Pinch-hitting for the commission folly is Pelosi’s United States House Select Committee on the January 6 Attack, the alt-show trial of Trump with a familiar cast of characters. The chair of the committee is Bennie Thompson, who quickly removed himself from his Trump lawsuit as if that sleight of hand would assuage anyone believing him inadequate to the task of objectivity.
Three other members are reprising their former roles as impeachment managers. Adam Schiff, if not the least bright, is certainly the best slip-and-fall attorney Pelosi can parade on the committee. With a haute couture of baggy suits set off by homely ties and slack shirt collars, Schiff mastered the skill of chicanery during the Russia hoax and two wild swings at impeachment, chalking up more Pinocchios than a Tuscan woodcarver.
As the son of a former Kennedy Administration staffer and founder of the most progressive think tank that the Beltway has to offer, Jamie Raskin is an old hand at activism and community organizing. A politico radicalized by upbringing, his politics may seem reserved in the boisterous presence of the Squad, but his political campaigns get an endorsement from Sanders’ acolytes.
During Impeachment 2.0, Zoe Lofgren tripped up by admitting that the rush to bring the Democrat case against Trump was due to the impending election. She continues the bidding of the House Speaker by spearheading an administration committee move to reverse the seating of a state-certified Republican congresswoman.
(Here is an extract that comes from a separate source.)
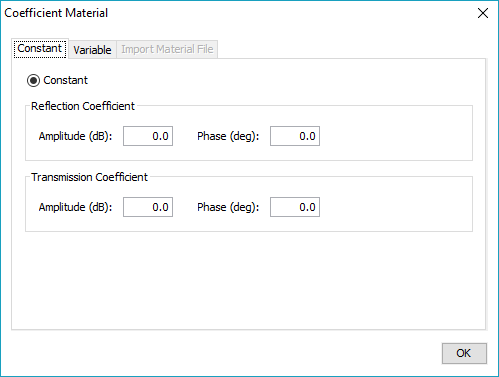 - Constant coefficient materials These are materials with reflection and transmission coefficients that are constant (not depending on frequency nor angle of incidence). To define this kind of material, it is necessary to check the "Constant" option under the "Constant" tab and introduce the complex values of the coefficients. Please note that the amplitudes of the coefficients cannot be larger than 1.

Attempts to overturn elections are legitimate only when it benefits Democrats.
Then there’s the RINOs who give the committee its misleading bipartisan character. Liz Cheney, hailing from the bright red, open-carry state of Wyoming, might be said to hold the record for self-inflicted political wounds. At these desperate, final moments in her truncated political life, she has tripped Pelosi’s mousetrap and will use the hearings to immolate herself and the royal reputation of her father to even a family score with Donald Trump
Adam Kinzinger is a well-coifed Air National Guard pilot whose flighty opinions and virulent anti-Trumpism frequently drops ordnance on his fellow Republicans. Politically a minor leaguer, he’s positioned himself as the peck’s bad boy of the GOP in order to save his job from an Illinois redistricting plan, going so far as to market his woke Country First initiative, a slick personal fundraiser dressed up as the great white hope for the salvation of the Republican party. The Left is gushing at the thought, as one might expect any time the opposition seeks to correct itself through rabid infighting.
The first day of the hearing was as predictable as it was partisan. Schiff was bug-eyed and tearful; Kinzinger’s face was near swollen with emotion. A cherry-picked and likely coached handful of bemedaled police officers offered traumatic combat accounts and let slip awkward personal beliefs that tickled the panel’s fancy, suggesting that Congressional Republicans railing against the disparate treatment of those long-imprisoned protesters ought to be thrown out of office and using the word “hitman” as an inference to Trump.
This was the first hearing of a Democrat inquisition claiming to expose a Republican insurrection. Throughout history, inquisitions weren’t righteous. They gave flesh and form to political appetites to cleanse the landscape of all political, religious, or ethnic opposition.